If your graph is unintelligible, try to focus the graph on specific tables or types of attributes, so that you can answer or investigate subsets of the connections. Neo4j browser doesn't have the most elegant organization features, perhaps consider Bloom if you are on Enterprise. If not you can also use APOC to export as a graphml file, and then visualize in yEd which has more self -organization algorithms to show structure better. I have a python script that with basic edits can colorize your graphml file so that the output has colors and shapes to show differences like tables, vs attribute nodes etc: https://github.com/bsquire0128/Squire-Product-Catalog/blob/master/colorize_graphml.py

Hi Benjamin,

How do I use the script? I have Neo4j Community Edition and I'm doing everything locally. I just open Chrome, browse to 127.0.0.1:7474, and the graph loads.

Ah, Benjamin makes a great point, if the purpose of your graph is for data lineage or similar, where the dbs, tables, and properties involved are actual entities (for example, to query for which db/tables/columns were used to source certain data found in some report), then your initial approach of using :Table and :Attribute nodes and similar would make more sense.

Is this the type of graph and data you're trying to model? Or did I have it right before, and you're just trying to import SQL data (movie related data?) into Neo4j?

I am modeling the schema, not the data in the schema.

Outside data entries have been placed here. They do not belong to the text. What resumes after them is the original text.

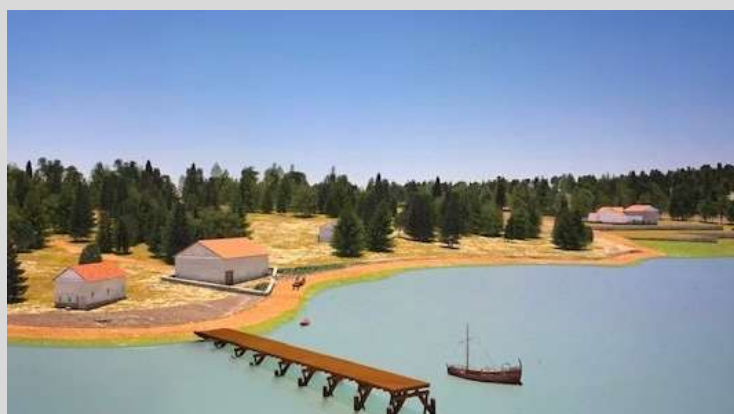
La villa et son port vu de la ria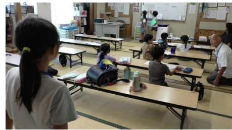
放課後子ども教室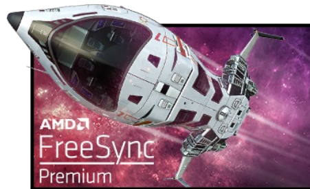
Technologia FreeSync™ Premium

Matryca Fast IPS nie tylko gwarantuje wierne odwzorowanie scen z pola bitwy i wyjątkową dokładność kolorów, ale także niesamowity czas reakcji na ruchomy obraz (MPRT) wynoszący 0.8 ms.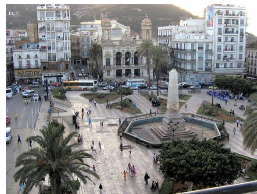
La Place d'armes - Oran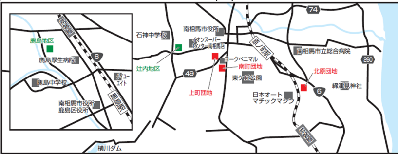
相双建設事務所が整備する復興公営住宅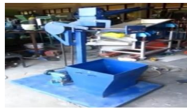
Gambar 2.5 Mesin Sliding Press

Sedangkan mesin prees kalaeng menggunakan Mesin sebagai berikut: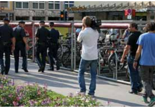
Die Polizeibeamten gingen gemeinsam mit den Journalisten in Innsbruck auf Streife.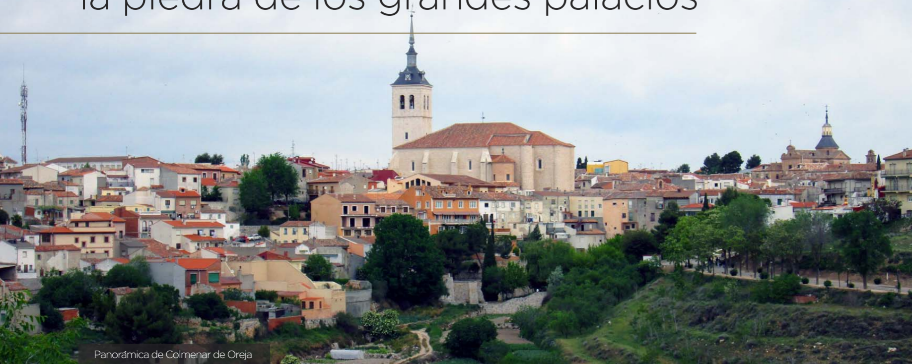
Panorámica de Colmenar de Oreja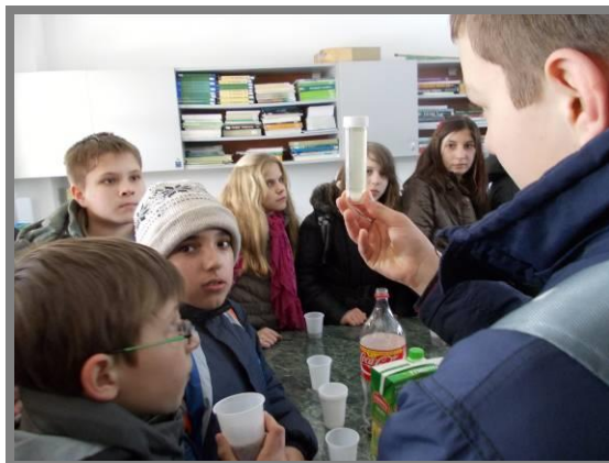
Слика 4.-5.-6.-7. Дан Специјалног резервата природе „Лудашко језеро“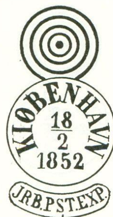
Afbeelding 5. Stom combinatiestempel.

Door het gebruik van twee verschillende stempels, het vertrek- en het vernietigingsstempel, werd de werkdruk, zeker op postkantoren waar veel post verwerkt werd, navenant groter. Op het Kopenhaagse stationspostkantoor werd hierop een oplossing gevonden door het vervaardigen van een gecombineerd stempel. Hierbij werden een stom stempel en een datumstempel aan elkaar bevestigd waardoor er bij één stempel slag het ring gedeelte het zegel ontwaarde en het datumstempel onder het zegel, in de praktijk vaak naast het zegel, de nodige informatie verstreekte. Later kwamen er ook combi- of duplexstempels met nummers in het ringsegment in gebruik.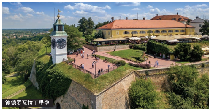
彼得罗瓦拉丁堡垒

是欧洲最大、保存最完好、设计最复杂的要塞之一。彼得罗瓦拉丁要塞修建于1692年至1780年间，从未被外敌攻破，享有“多瑙河直布罗陀”的美誉。要塞由上下城 (Podgrađe) 组成。上城的主题是一个钟楼，大指针显示小时，小指针显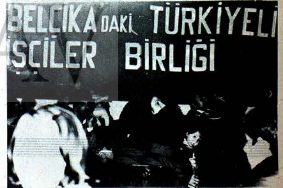
BELÇİKA'DAKİ TÜRKİYE'Lİ İŞÇİLER BİRLİĞİ'NDE 8 MART DÜNYA KADINLAR GÜNÜ DOLAYISIYLA DÜZENLENEN TOPLANTI YIGINSAL GEÇTİ.

Komünistler, bugün ilticacının devrimci bir gövzen olmadığını inanıyorlar. Devrimciliğin ölçülerinden birinin de bütün olanakları zorlayarak yurtta kalıp, yurtdışında savaşmak olduğunu vurguluyorlar. Yurtdışındaki devrimciler, komünistler, asıl savaş alanlarına, Türkiye'ye gitmeyi önelerine görev olarak koyuyorlar.

The way it works is add the APOC plugin as shown https://neo4j-contrib.github.io/neo4j-apoc-procedures/#installation

With APOC you can run apoc.export.graphml.all(file,config)
seen here https://neo4j-contrib.github.io/neo4j-apoc-procedures/#graphml

When you save the file mygraph.graphml, you input that into python colorize_graphml.py mygraph. First you need to edit cololrize_graphml.py to fit your data. This is done by changing visual_dict={'Node1':{'id':'node1_id','color':'#ff6666','shape':'ellipse'}, 'Node2':{'id':'node2_id','color':'#fff666','shape':'ellipse'} }
Node1 might be 'Table', Node 2 might be 'Schema' and you could add a "Attribute" so it looks like:visual_dict={'Table':{'id':'table_id','color':'#ff6666','shape':'ellipse'}, 'Schema':{'id':'schema_id','color':'#fff666','shape':'ellipse'}, 'Attribute':{'id':'attribute_id','color':'#ffff66','shape':'ellipse'} }
Note- I don't know what the id's in your graph are called, I just assumed the properties that define unique nodes were table_id, etc. Make sure they match waht your data actually has. Once you run python colorize_graph.py mygraph you will get an output file mygraph_colored. Download the free version of yEd here https://www.yworks.com/products/yed and then open the graphml file mygraph_colored in that software. It has lots of amazing layouts for different graph structures. I prefer circular or hierarchal.